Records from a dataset
________________

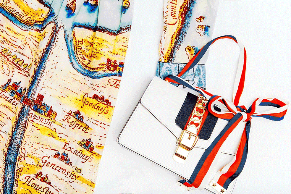 之前的Sylvie 手袋沒有過多的花紋機理,簡約中帶有英倫海軍風氣質,白色、藏藍色、紅色成為標志性的配色;絲綢手柄和竹節手柄設計讓我們在親密接觸包包(必不可少的動作)的時候有了更加別出心裁的質感體驗。
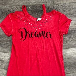 Kandy Kiss Girls Short Sleeve Cold Shoulder T-Shirt Dress-Red-Size Large-NWT
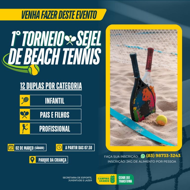 A Prefeitura de campina através da Secretaria de Esporte, Juventude e Lazer (Sejel), realiza neste sábado, 2, a partir das 7h30 o 1º Torneio Sejel de Beach Tennis, o evento será realizado no Parque da Criança e contará com 12 duplas, divididas em 3 categorias, infantil, pais e filhos e profissional.
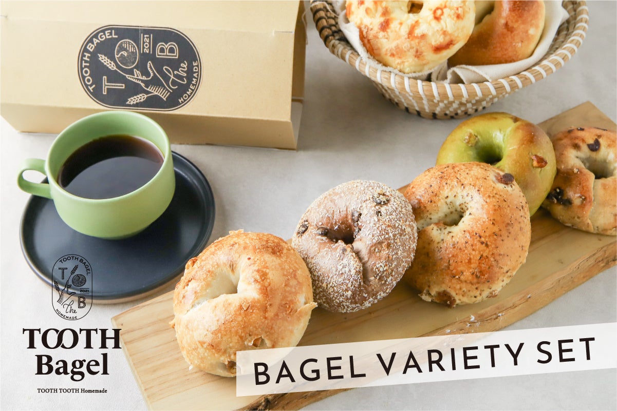 熱湯を入れて捏ねる湯種製法ならではのもちもち食感と、素材の味わいを同時に楽しんでいただける TOOTH TOOTHベーグル全種類の贅沢なラインナップ。
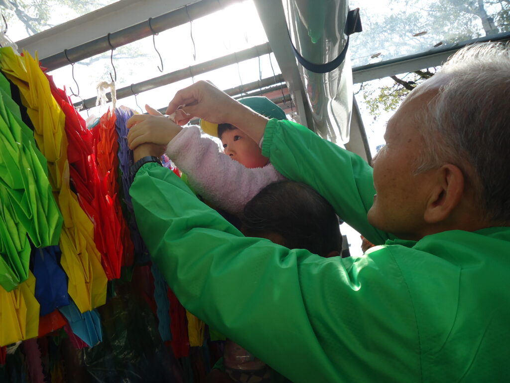 8月5日に行なわれた平和のつどいでは園長先生の朗読を聞きながら、「アオギリのねがい」を大きな折り鶴と共にみんなで見て、改めて戦争は怖いと実感。千羽鶴への思いは強くなり、園全体で千羽鶴に向けて、改めてスタート。9月の後半にはみんなから寄せられた折り鶴も含めて千羽に。(*^▽^*)その折り鶴はきい組さんが一羽ずつ糸を通し、千羽鶴が無事完成しました!!👏👏👏
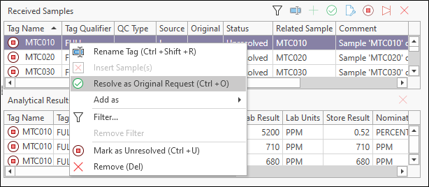 Mark as unresolved. This will reset the status of the sample to “Unresolved". Unresolved samples are ignored when the receipt is processed. | CTRL+U |
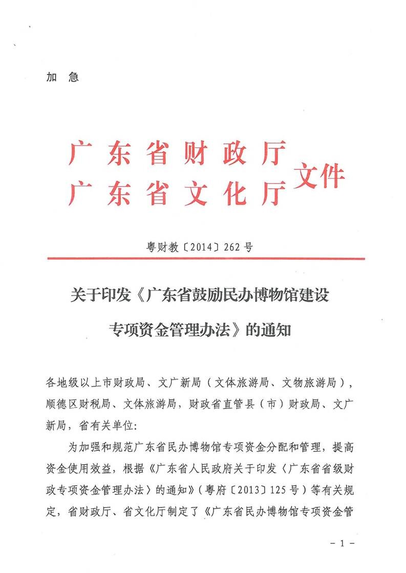 关于印发《广东省鼓励民办博物馆建设专项资金管理办法》的通知

________________

> **EXERCISE DIRECTIONS**
Leave out the images and copy all remaining data word for word.

> **WRITTEN ANSWER**
 之前的Sylvie 手袋沒有過多的花紋機理,簡約中帶有英倫海軍風氣質,白色、藏藍色、紅色成為標志性的配色;絲綢手柄和竹節手柄設計讓我們在親密接觸包包(必不可少的動作)的時候有了更加別出心裁的質感體驗。
 Kandy Kiss Girls Short Sleeve Cold Shoulder T-Shirt Dress-Red-Size Large-NWT
 A Prefeitura de campina através da Secretaria de Esporte, Juventude e Lazer (Sejel), realiza neste sábado, 2, a partir das 7h30 o 1º Torneio Sejel de Beach Tennis, o evento será realizado no Parque da Criança e contará com 12 duplas, divididas em 3 categorias, infantil, pais e filhos e profissional.
 熱湯を入れて捏ねる湯種製法ならではのもちもち食感と、素材の味わいを同時に楽しんでいただける TOOTH TOOTHベーグル全種類の贅沢なラインナップ。
 8月5日に行なわれた平和のつどいでは園長先生の朗読を聞きながら、「アオギリのねがい」を大きな折り鶴と共にみんなで見て、改めて戦争は怖いと実感。千羽鶴への思いは強くなり、園全体で千羽鶴に向けて、改めてスタート。9月の後半にはみんなから寄せられた折り鶴も含めて千羽に。(*^▽^*)その折り鶴はきい組さんが一羽ずつ糸を通し、千羽鶴が無事完成しました!!👏👏👏
 Mark as unresolved. This will reset the status of the sample to “Unresolved". Unresolved samples are ignored when the receipt is processed. | CTRL+U |
 关于印发《广东省鼓励民办博物馆建设专项资金管理办法》的通知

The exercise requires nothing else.